Today’s guest blogger is Tamatha Perlman, a writer and museum professional, who is working on a book about murder, madness and unrequited love in 19th century Minneapolis. In this post she describes the working conditions of women in the Mill City, using the work of labor journalist Eva Gay to bring readers to the weaving floor of the North Star Mill. The image above shows the North Star Woolen Mill building, which still exists in downtown Minneapolis.
Sunlight made a spotty appearance through the garden level windows in the basement of the North Star Woolen Mill. Tucked in the back of the large room, behind the men operating the dryers, women washed the blankets finished on the floors above. In 1888, for 90 cents a day, women of all ages operated massive “gigs,” washing vats filled with scalding water. The hot air was thick, hovering around 98 degrees. The stench of wet wool and lye clung heavily to the heat. It was something, the girls said, you got used to after a while. Opening the windows in the mill–located near Sixth Avenue South in Minneapolis–was out of the question. Dirt kicked up from the street would stick to the blankets. Washing and drying them once was enough.

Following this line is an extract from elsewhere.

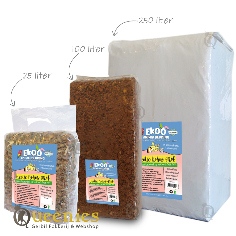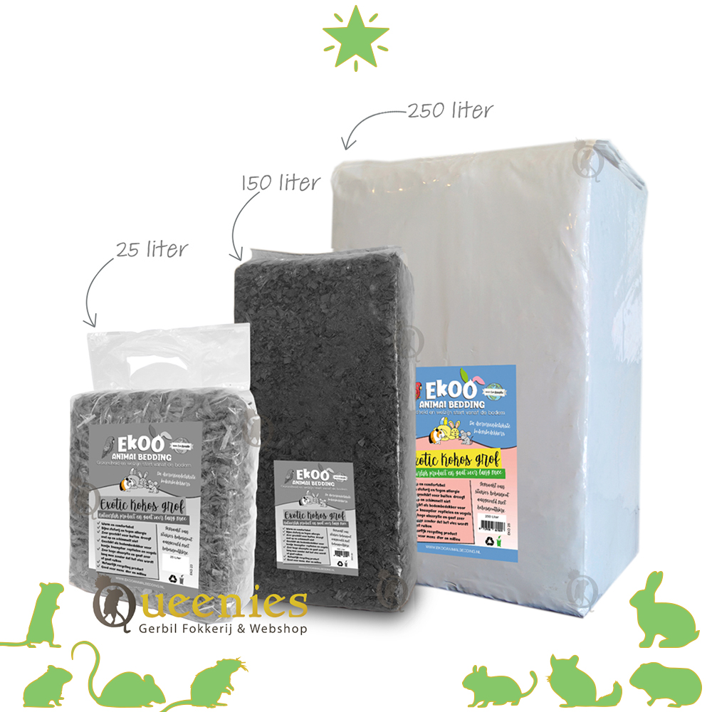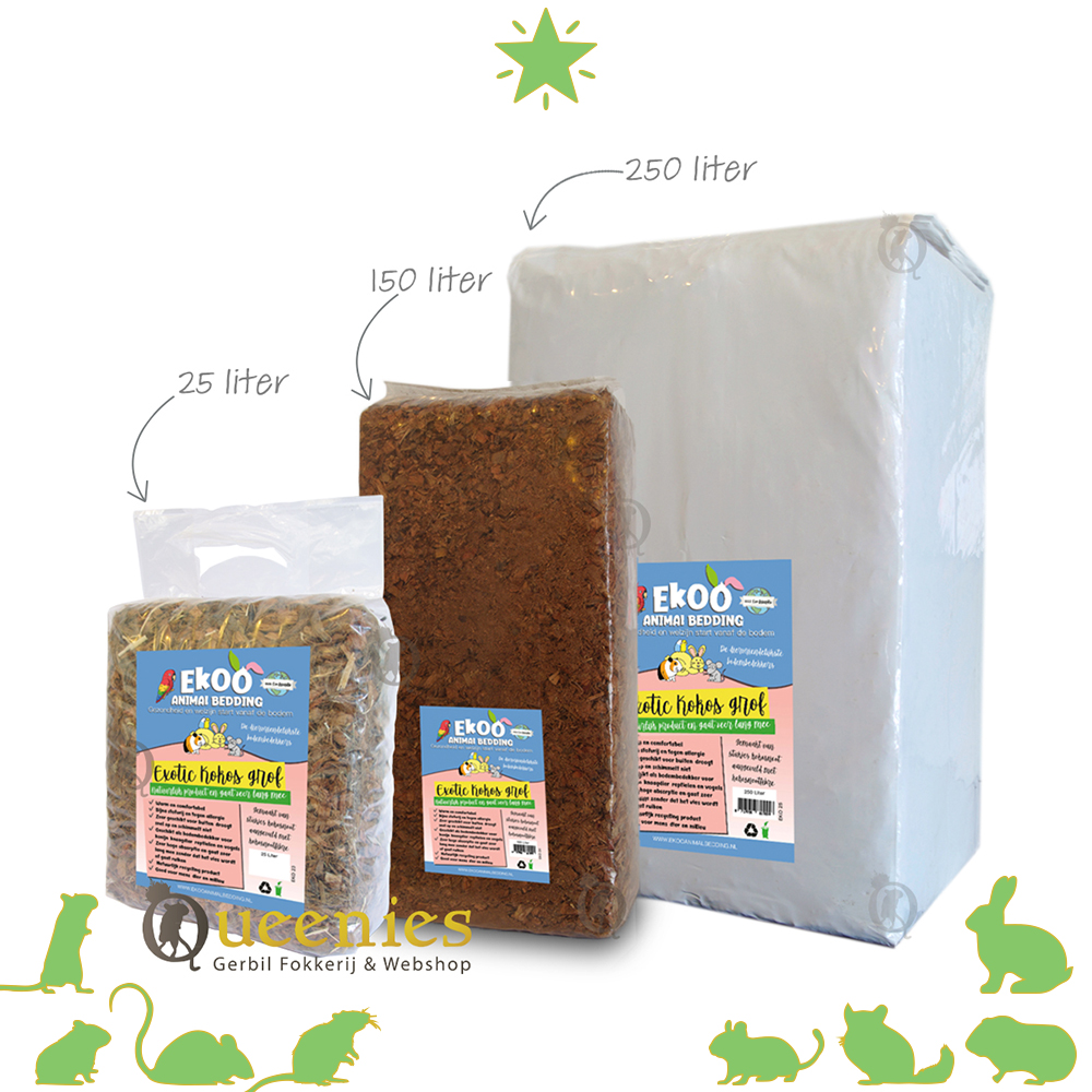 De Exotic kokos fijn 25 - 250 LTR van Eko Animal Bedding is een natuurlijk product wat lang mee gaat! Dit product gebruiken wij ook in onze Gerbilfokkerij. Deze bodembedekking is gemaakt van kokosschilfers en vaak ook nog stukjes barst. De houdt in dat het een mooie mix is van de binnenkant van de kokosnoot en de buitenkant van de kokosnoot. Dat maakt de Exotic Kokos fijn en erg stevig wat dan weer bevorderlijk werkt voor het graven van gangetjes en het maken van holletjes voor uw lieve knagertjes. Deze bodembedekker is zeer sterk absorberend ( tot 8x zijn eigen gewicht ) en geeft het verblijf ook nog een zeer natuurlijke uitstraling. Ook is kokos stofarm wordt er gezegd, daardoor geschikt voor gevoelige dieren. Onze ervaring is iets genuanceerder. De Exotic Kokos fijn is stoffiger dan soort gelijke bodembedekkers.

Weaving was skilled work. It took endurance to perform and patience to learn. A women hoping to learn had to rely on a friend good enough to sacrifice a few days’ wages to teach her. Weavers were paid by the piece and a good weaver could make up to $1.35 a day. Factory foremen did a final count each day, rating each piece for quality to see if it would be counted for payment.
The weaving floor at the North Star Mill was immaculate, a fact that always impressed factory visitors. They remarked on the way that light streamed through large windows and gleamed off whitewashed walls. What they did not realize is that these young weavers were expected to clean over the lunch hour. Employers were able to exploit the fact that relentless work kept mill girls from becoming too close to one another.
Life in the woolen mills was a short term prospect. Most weavers could not work year-round. Many women could only work three or four years before being forced to find other employment after succumbing to repetitive stress injuries. Others had back pain from standing at the heavy looms for ten hours a day. “Some get married, some go to the hospital, and we don’t know anything about many of them; they just drop out and others take their places,” one of the young women explained.
Despite these grueling conditions, mill owners had no shortage of willing workers. In the last quarter of the nineteenth century, women were streaming into Minneapolis from farms and overseas. These jobs required little experience with machinery and no proficiency in English. Employers had little regulation. They had only their conscience to dictate how much they worried about workplace safety or comfort.
“Do you think it’s worth while to ruin your health by working in this place for such wages?” a reporter asked a gig operator in an 1888 interview.
“I don’t know as it is,” was the wary reply; “but when a girl’s got her living to earn she can’t choose where she’ll work.”
Quotes are taken from newspaper articles by Eva Gay that were published in the St. Paul Globe in 1888. The image is from the Historic American Landscapes Survey (HALS) at the Library of Congress.